4. Summarize the session by asking participants to respond to the question “After our discussions on the article, what are the implications for your own practice?” Allow time for participants to think about the question, and then share their ideas, first with a partner or table and then with the whole group. Facilitator can chart ideas shared to refer to at a future session.

Next Steps

1. Ask participants to record and reflect on children’s conversations as they explain and justify their solution to an assigned problem of the participants’ choice. If there is an opportunity for a follow-up session ask participants to share ‘aha’ experiences from student’s conversations and also the challenges they met in facilitating the conversations.
2. Give each participant a copy of the following quotes taken from the Reasoning and Proof Standards in Principles and Standards for School Mathematics (NCTM, 2000). Pair participants, preferably so that there is one whose main experience is Grades Prek-2 and the other Grades 3-5.
• Ask each pair to discuss the quotes below and select two that best represents the ideas expressed by the author in the article, Making Mathematical Arguments in the Primary Grades: the Importance of Explaining and Justifying Ideas.  Facilitator needs to provide a copy of the quotes to all participants.
• “From children’s earliest experiences with mathematics, it is important to help them understand that assertions should always have reasons. Questions such as ‘why do you think it is true?’ And ‘does anyone think the answer is different, and why do you think so?’ help student see that statements need to be supported or refuted by evidence” (p. 56)
• “Beginning in the earliest years, teachers can help students learn to make conjectures by asking questions: what do you think will happen next?
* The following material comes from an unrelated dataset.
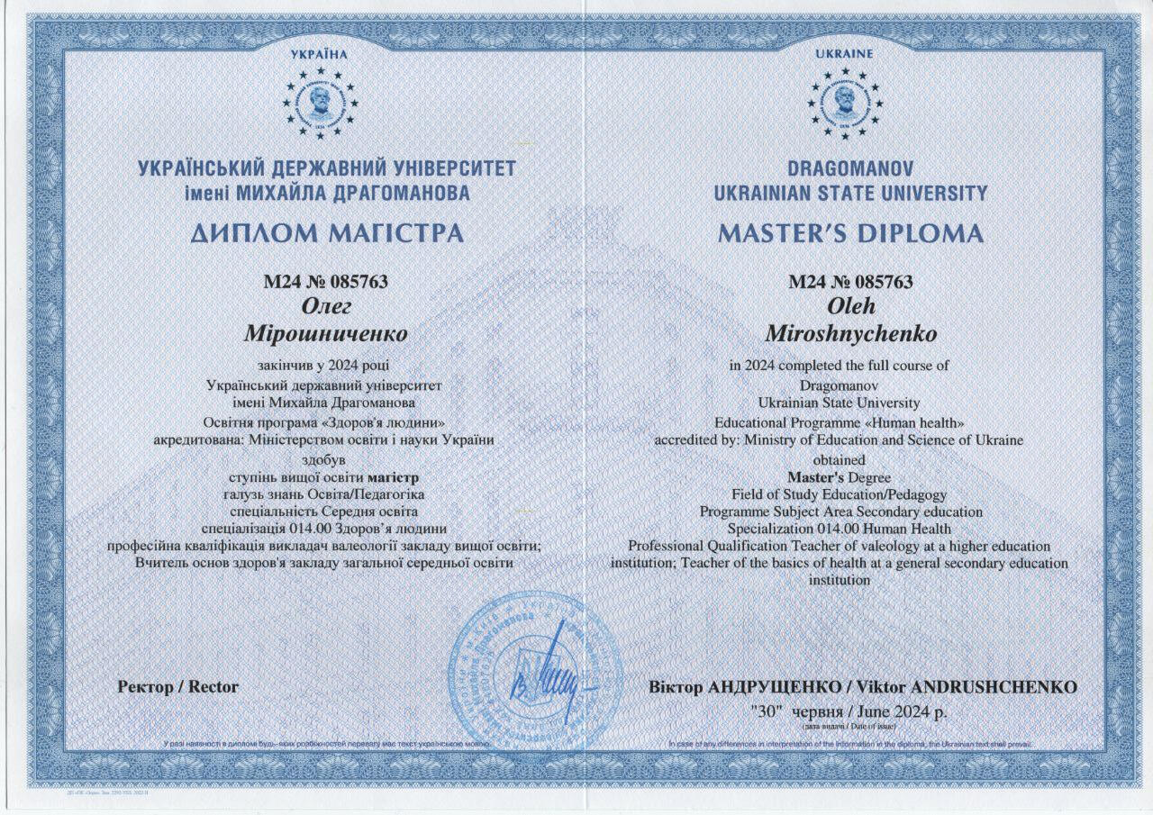 I hold a Master’s Degree in Human Health from Dragomanov Ukrainian State University (2024).This qualification provides the scientific foundation behind OM Method, adding depth to more than 30 years of hands-on practice.For you, this means every session is rooted in both solid academic knowledge and decades of real-world experience — giving you the confidence that your body is in expert hands.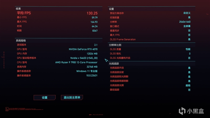 在《赛博朋克2077》2K+预设超级画质下,平均帧数为84.38 FPS。

What is the pattern? Is this true always? Sometimes?” (p. 57)
• “Teachers should prompt students to make and investigate mathematical conjectures by asking questions that encourage them to build on what they already know” (p. 125)
• “When students make a discovery or determine a fact, rather than tell them whether it holds for all numbers or if it is correct, the teacher should help students make determination themselves. Teachers should ask such questions as “How do you know it is true?” and should also model ways that students can verify or disprove their conjectures.” (p. 126)
• “Mathematical reasoning develops in classrooms where students are encouraged to put forth their own ideas for examination. Teachers and student should be open to questions, reactions, and elaborations from others in the classroom.  Students need to explain and justify their thinking and learn how to detect fallacies and critique others thinking.” (p. 188)
• “During grades 3 -5, students should move toward reasoning that depends on relationships and properties. Students need to be challenged with questions, such as, What if I gave you twenty more problems like this to do – would they all work the same way?  How do you know?” (p. 190)
• “Even students who seem to have developed a clear argument about a mathematical relationship need to be questioned and challenged when they are ready to encounter new aspects of the relationship” (p. 192)
• “ Being able to explain one’s thinking by stating reasons is an important skill for formal reasoning that begins at this level” (p. 123)
• “Mathematical reasoning develops in classrooms where students are encouraged to put forth their own ideas for examination…. Students need to explain and justify their thinking and learn how to detect fallacies and critique others thinking They need to have ample opportunity to apply their reasoning skills and justify their thinking in mathematics discussions” (p. 188)

• Facilitate a whole group discussion by asking each pair to share the quote they selected and why they selected it. Facilitator should chart ideas shared.